And it’s not even his line; he stole it from George HW Bush!

I’ve been forced to humor more right-wing Christian evangelists than I care to list, but none of them were close to this crazy and stupid.

For instance, one of them had a real hard-on for the part of the Gospel where Jesus tells His followers that they have been granted the authority to banish and exorcise demons in His name…

…and he would begin every sermon by banishing any and all evil spirits that may or may not be in the room (no, seriously).

Did Mr. Benoit miss this part of the Bible?

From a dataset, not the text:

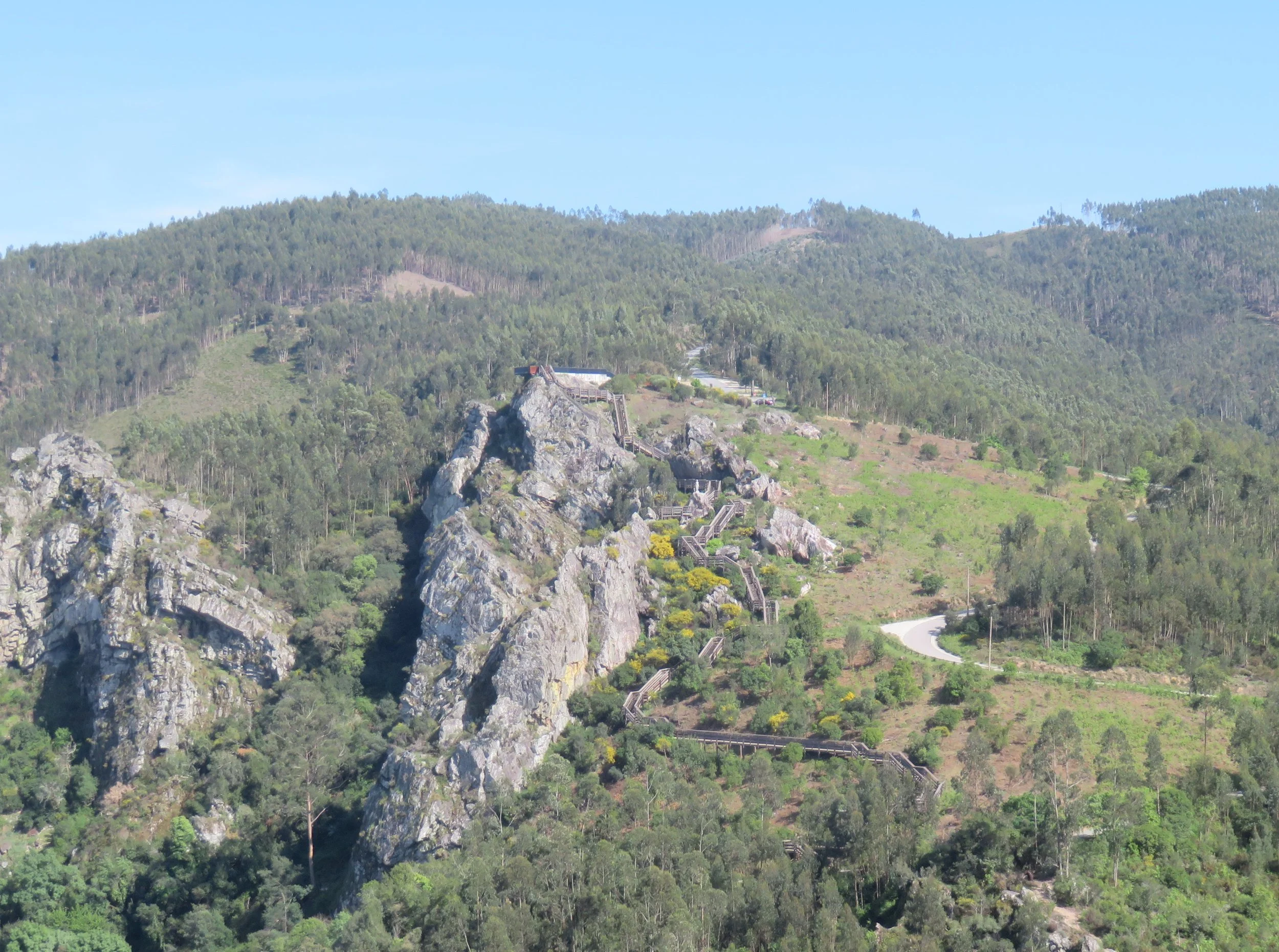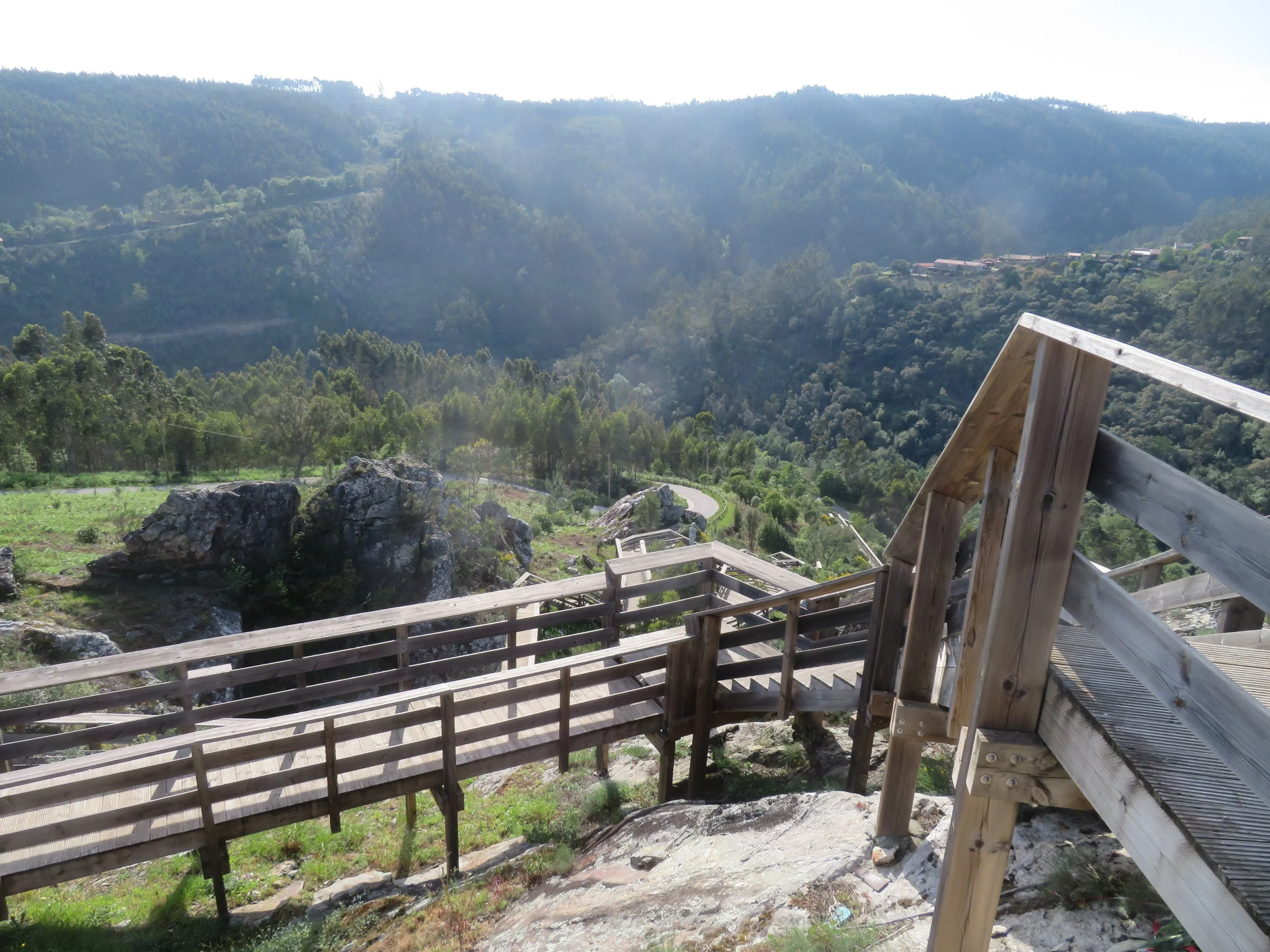 From an overlook, we could look down on São Simão and see the mile-long (1730 m) wooden pathway leading up from the village.

Or does he believe that demons and devils are ONE thing…

…but the Power of Christ is useless against He-Man?😂

I guess what I’m saying is this:

If all these things ARE minions of Lucifer, sack up and banish them yourself! Your OWN Bible says you can–stop being such a pussy and kick some Infernal ass!

Without a doubt, the most asked question I have is, “What about Barney?”

I don’t know why but this fucked me up.

Actually, if Benoit had anything resembling an imagination, he would realize that Barney could have been very useful to his cause:

Barney’s a dinosaur who is somehow alive in the late 20th century–millions years after those godless Darwinists claimed his kind had gone extinct.

He should have leaned into the idea that Barney’s very existence proved evolution wrong.

You say he wouldn’t do that because Barney’s fictional?

That didn’t stop him from asserting as fact the multiple and very real demonic powers of He-Man, the Smurfs, and Troll dolls.

It seems to be a common denominator amongst the Satanic Panic set:

EVERYTHING children enjoy is either 100% fictional, or life-threateningly real…depending on which suits the purposes of the lunatic spouting this absurdity.

Holy shit, I gasped at that Poxco ad, we had that action figure as kids, but I never watched He-Man so I had no idea who he was. Thank you for plugging that tiny hole of trivia in my childhood brainspace! I’ll say a prayer to David Benoit at my Troll themed ouija board later.